WHAT IS NEEDED — Only the lines from the start of the data through the line with "Radiant gold spiral" belong in the copy. Restate them word for word, minus the pictures.

RAW DATA —
==============================

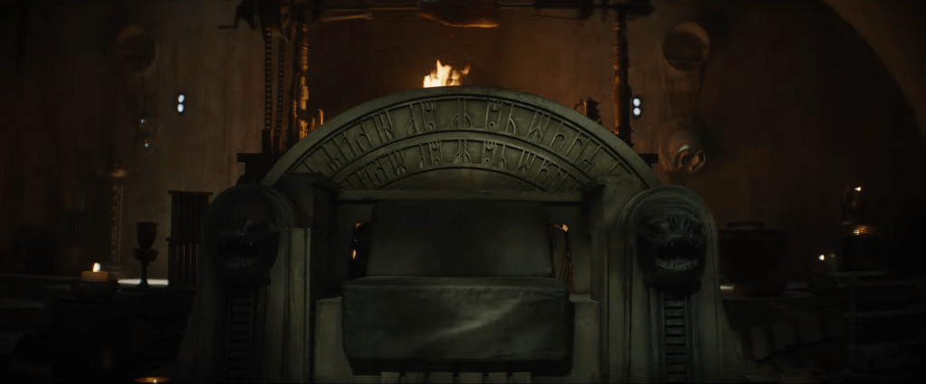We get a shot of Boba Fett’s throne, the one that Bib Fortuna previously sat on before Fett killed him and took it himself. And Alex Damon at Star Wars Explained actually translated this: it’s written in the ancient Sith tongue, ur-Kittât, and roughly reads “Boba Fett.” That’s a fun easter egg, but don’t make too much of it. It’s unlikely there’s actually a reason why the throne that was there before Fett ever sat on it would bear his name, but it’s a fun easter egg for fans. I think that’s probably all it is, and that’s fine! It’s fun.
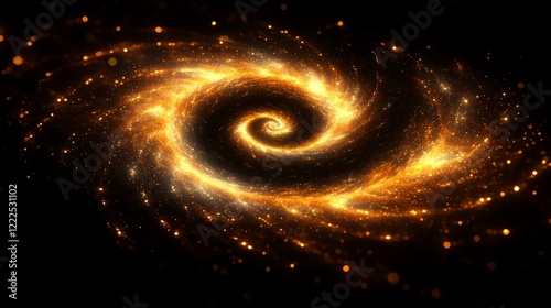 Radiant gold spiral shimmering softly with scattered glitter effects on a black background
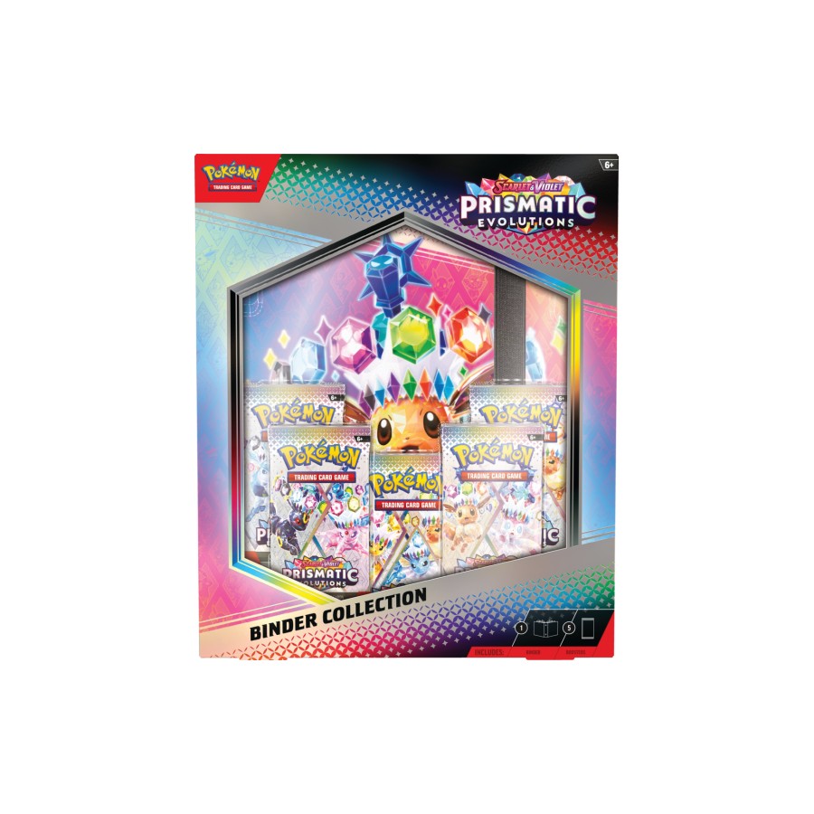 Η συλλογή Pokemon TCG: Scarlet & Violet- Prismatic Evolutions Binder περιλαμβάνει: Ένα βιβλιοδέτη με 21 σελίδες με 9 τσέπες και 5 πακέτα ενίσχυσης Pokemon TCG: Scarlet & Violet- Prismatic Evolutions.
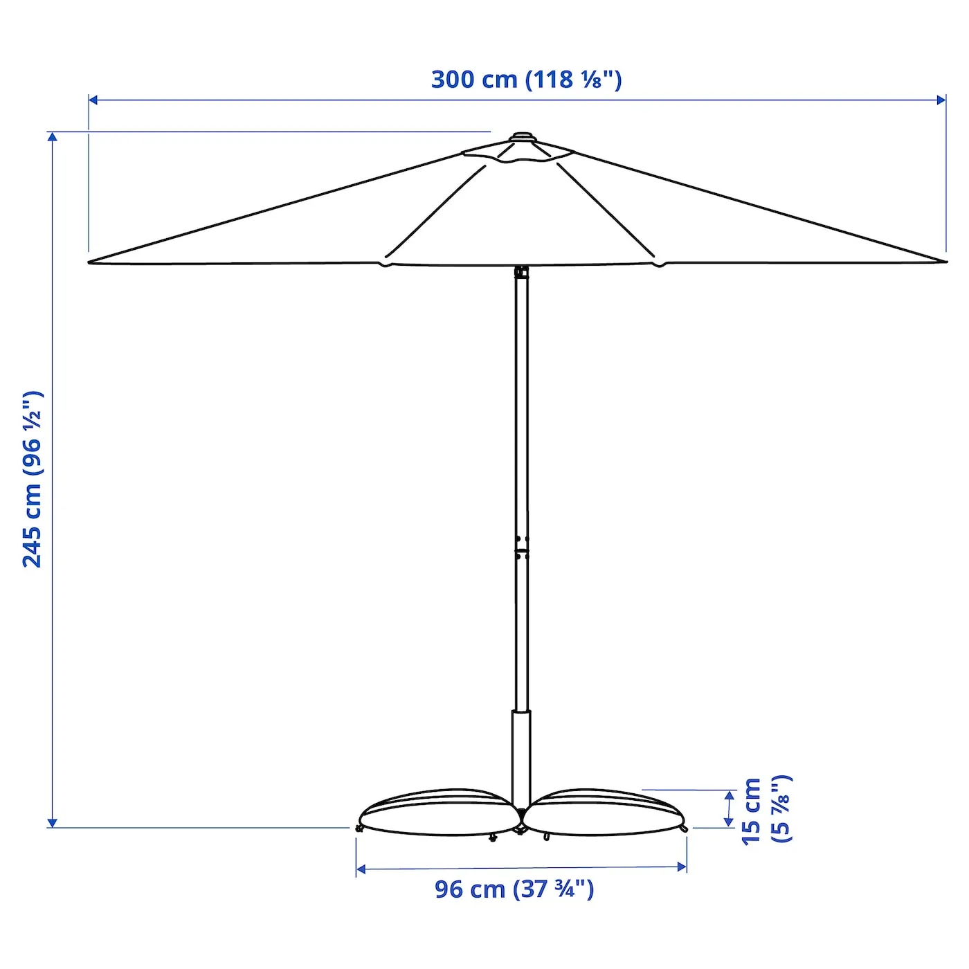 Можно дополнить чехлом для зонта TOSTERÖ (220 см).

==============================

TASK SOLUTION —
We get a shot of Boba Fett’s throne, the one that Bib Fortuna previously sat on before Fett killed him and took it himself. And Alex Damon at Star Wars Explained actually translated this: it’s written in the ancient Sith tongue, ur-Kittât, and roughly reads “Boba Fett.” That’s a fun easter egg, but don’t make too much of it. It’s unlikely there’s actually a reason why the throne that was there before Fett ever sat on it would bear his name, but it’s a fun easter egg for fans. I think that’s probably all it is, and that’s fine! It’s fun.
 Radiant gold spiral shimmering softly with scattered glitter effects on a black background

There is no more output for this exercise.